How Meditation Works for Me
In 2017, I began practicing Transcendental Meditation, or TM, at the suggestion of a colleague. TM is just one of a wide range of meditation practices that are popular today. I strive to meditate twice daily for about 20 minutes per session as suggested by those who teach TM. I originally started meditating to feel calmer and mentally healthier. While it has definitely helped with those things, what has surprised me is all of the other benefits that it has brought me that I was not necessarily expecting, some of which would have been very helpful while working toward my online degree.
Perhaps the most striking and impactful change is that I seem to have lost the tendency to ruminate and worry about things continuously the way I always have in the past. A certain core level of anxiety that I have felt my entire life is just gone, and I have a very difficult time summoning that type of anxiety on a day to day basis, regardless of the stressful situations I face.

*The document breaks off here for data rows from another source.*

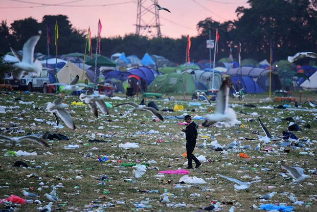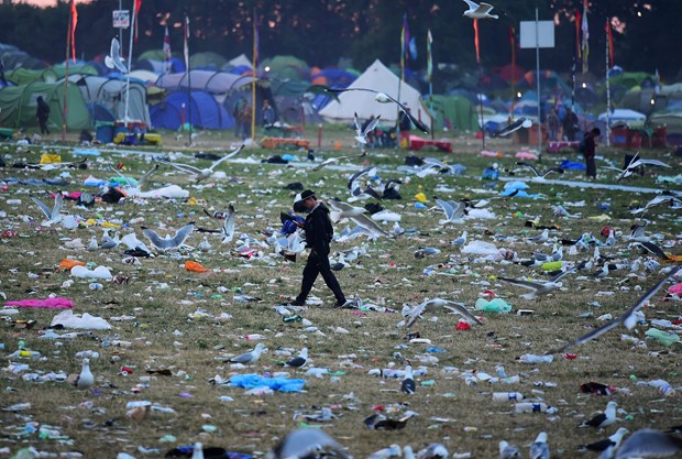 İngiltere'de dünyanın en büyük açık hava festivali olan Glastonbury Festivali sona erdi. Festivalin ardından tonlarca çöp yığını kaldı.
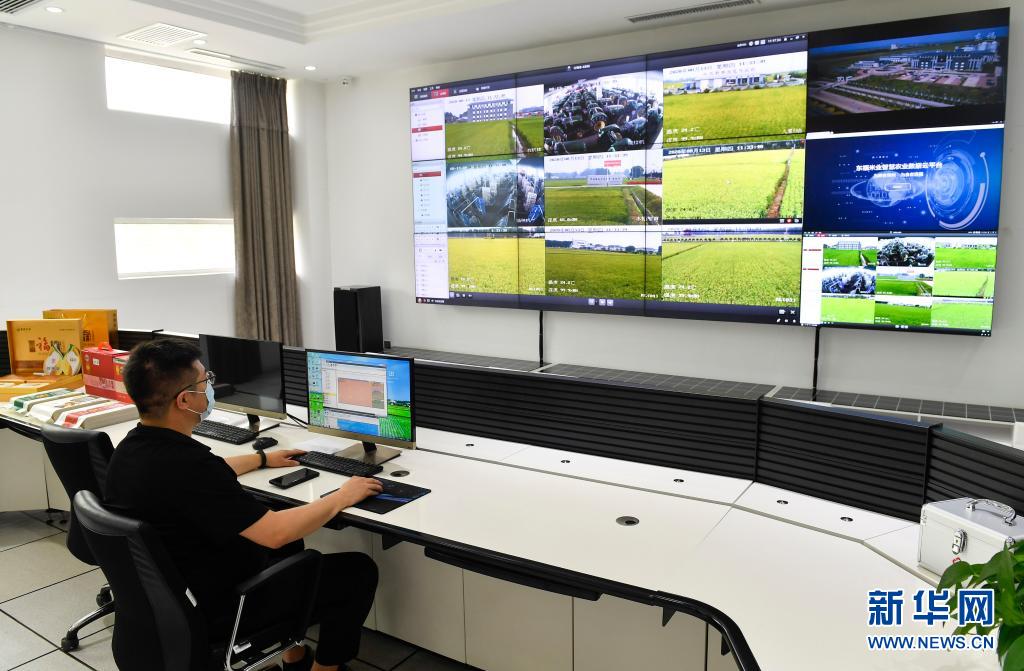 在吉林市孤店子鎮(zhèn)東福米業(yè)現(xiàn)代農業(yè)信息化監(jiān)視指控中心,工作人員通過監(jiān)控系統(tǒng)查看稻田情況(2020年8月13日攝)。近年來,吉林省吉林市大力發(fā)展“智慧農業(yè)”,以新技術、新模式、新業(yè)態(tài)為抓手,在希望的田野上播撒“科技種子”,讓農民從“會”種地到“慧”種地,保障糧食安全,助力鄉(xiāng)村振興。
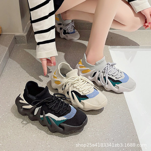春の新型のお父さんの靴のファッションの飛織のレジャーの運動靴の450ココナッツの八爪の魚のランニング靴の女性の靴

I also don’t have the sleepless nights before big presentations or important meetings at work, and I have a much higher sense of self-confidence about my ability to do the things I need to do each day. While I still get agitated about things from time to time, these things don’t cause me loss of sleep or the cycle of repetitive negative thoughts like they used to. My mind seems to have learned how to just let these things go.
I’m not sure why meditation works this way, but there is quite a bit of research that validates that meditation can help to reduce stress and anxiety (see tm.org and mindful.org for further information). Meditation could help you manage your time and commitments to school, work, and your family in a more relaxed and effective way. Other potential benefits could also include a more positive state of mind, better sleep, clearer thinking and a healthier heart — all super positive impacts on our busy and multifaceted lives!
How Meditation Can Work for You
I strongly believe that I would have dealt with the demands of my online doctoral program in a different and more effective way if I had discovered meditation before I embarked on my program. I would have had fewer days where I didn’t think I was going to make it! Perhaps I would have enjoyed the educational journey a bit more, as well. That calm and confidence are things I wish for everyone.
While I missed out on this opportunity, if you are a current online student, there is still time for you to do this! You can take advantage of one of the many meditation programs available to help you more effectively deal with the stress and anxiety. It takes a daily time commitment ranging from 10 minutes to 40 minutes a day depending on which practice you follow, but it is time well spent. Tm.org and mindful.org share information about two of the most popular methods. There are also apps such as Headspace and Calm that are good options for learning to meditate.
If you are not an online student, meditation can make your life better too. It could help you with your education now and with all aspects of daily living for the rest of your life!